Limitations & Future Work¶
- At low lb values (e.g., 0.4), identity consistency of some samples degrades noticeably, with a significant rise in EER.
- Validation is limited to IDiff-Face; stronger baselines such as Arc2Face have not been tested.
- Angular sampling directions are uniformly random, leaving unexploited the semantic structure whereby different directions in embedding space correspond to different attribute variations.
- The method is designed for 2D face synthesis; extension to 3D face generation or general image generation remains to be validated.
Related Work & Insights¶
- IDiff-Face / UIFace: The baseline diffusion models; IDperturb provides plug-and-play improvements on top of these.
- DCFace: Increases diversity via learned style embeddings—more complex but potentially capturing richer variation.
- HyperFace: Iteratively optimizes embedding space sampling at higher computational cost.

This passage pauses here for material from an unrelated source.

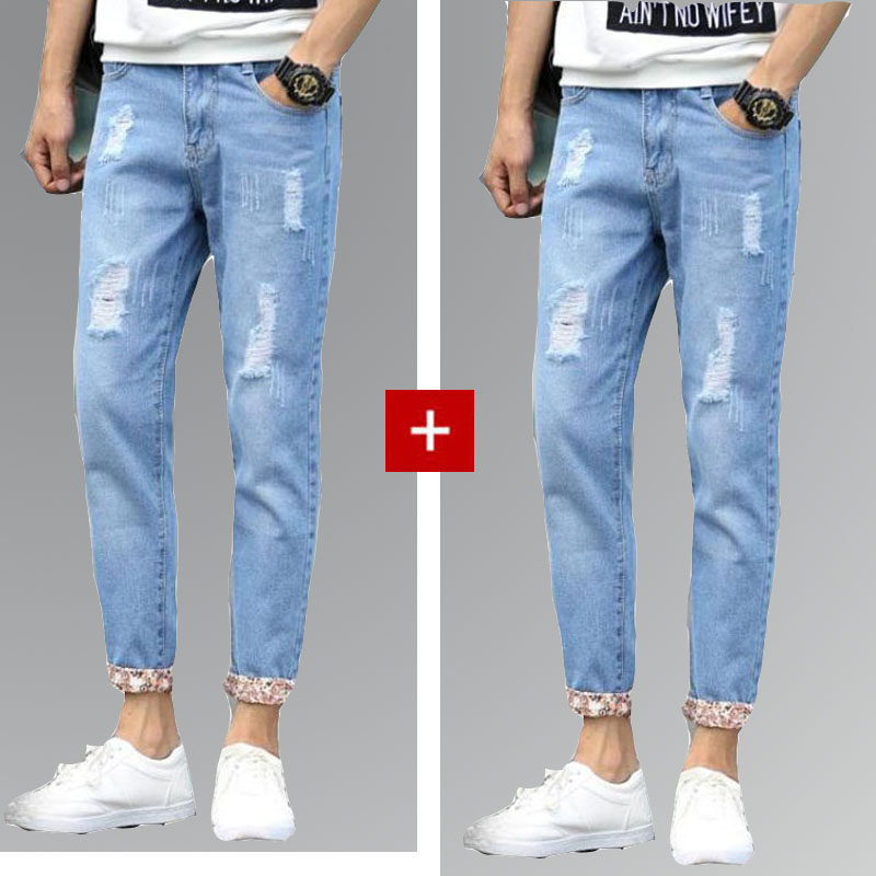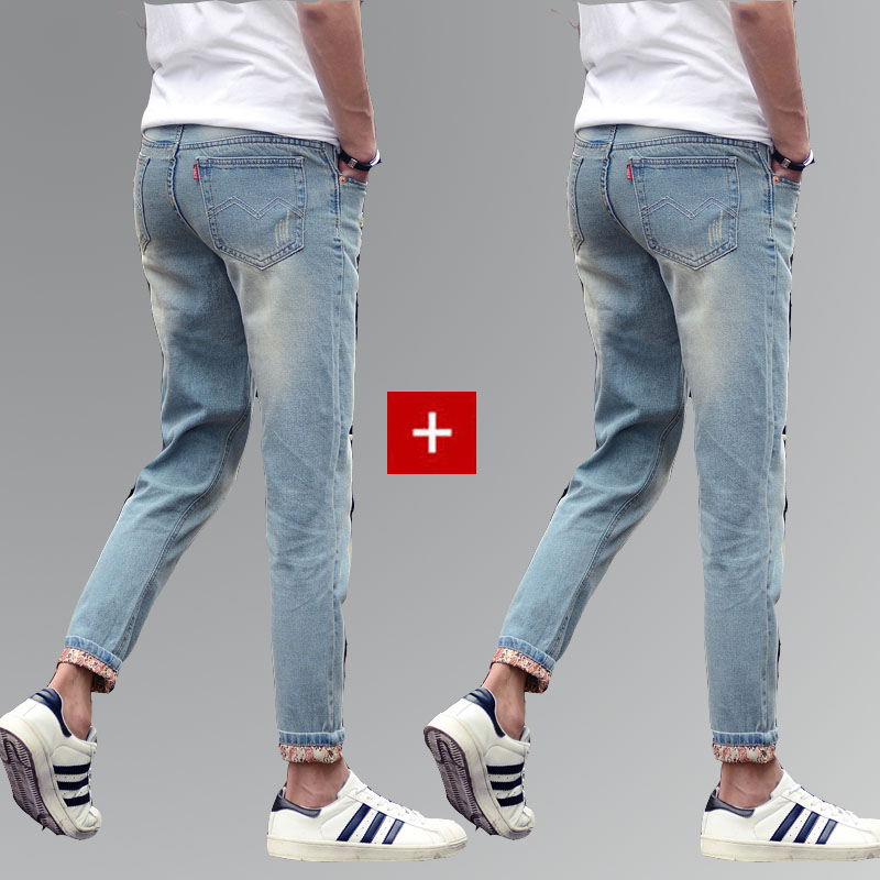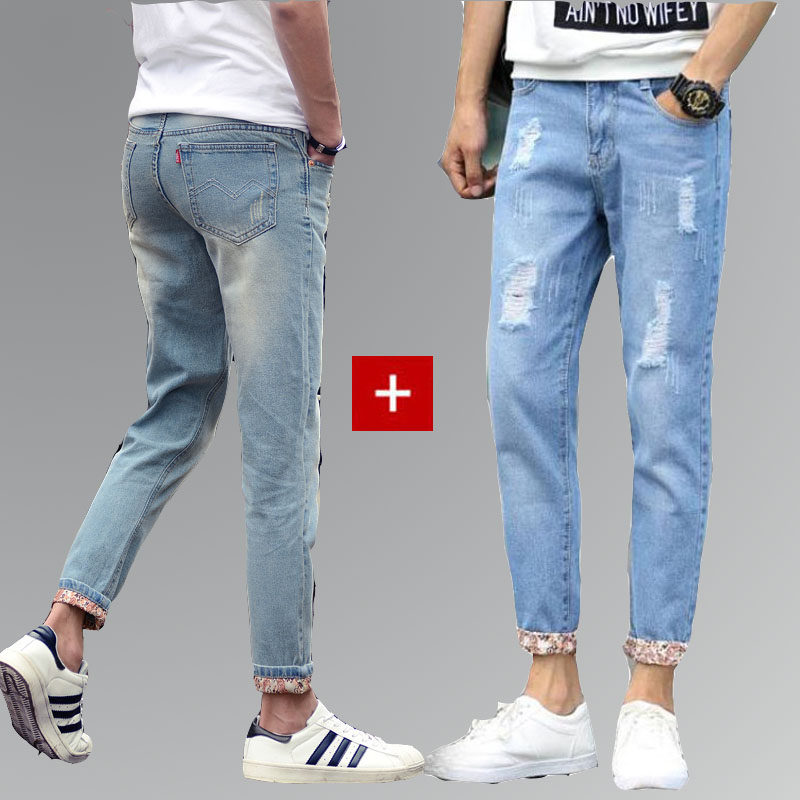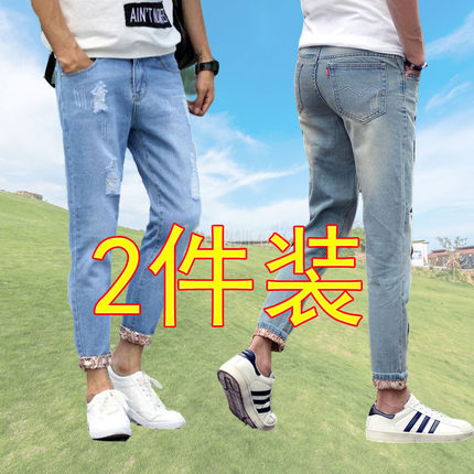 9分牛仔裤青少年男裤破洞痞帅宽松九分裤子哈伦裤男网红学生外穿

- Insights: The geometric structure of hyperspherical embedding spaces warrants deeper exploitation—for example, non-uniform sampling along semantically meaningful directions (corresponding to age, pose, etc.), or extending this paradigm to other conditional generation tasks (e.g., style transfer, text-conditioned generation).
Rating¶
- Novelty: ⭐⭐⭐⭐ Addresses the diversity problem from a purely geometric perspective; the approach is concise yet effective.
- Experimental Thoroughness: ⭐⭐⭐⭐ Multiple baselines, benchmarks, and multi-faceted ablations (diversity / consistency / attributes / separability); highly comprehensive.
- Writing Quality: ⭐⭐⭐⭐ Mathematical derivations are clear, figures are intuitive, and experiments are well-organized.
- Value: ⭐⭐⭐⭐ Zero-cost plug-and-play improvement of synthetic face data quality; directly applicable to privacy-preserving FR training scenarios.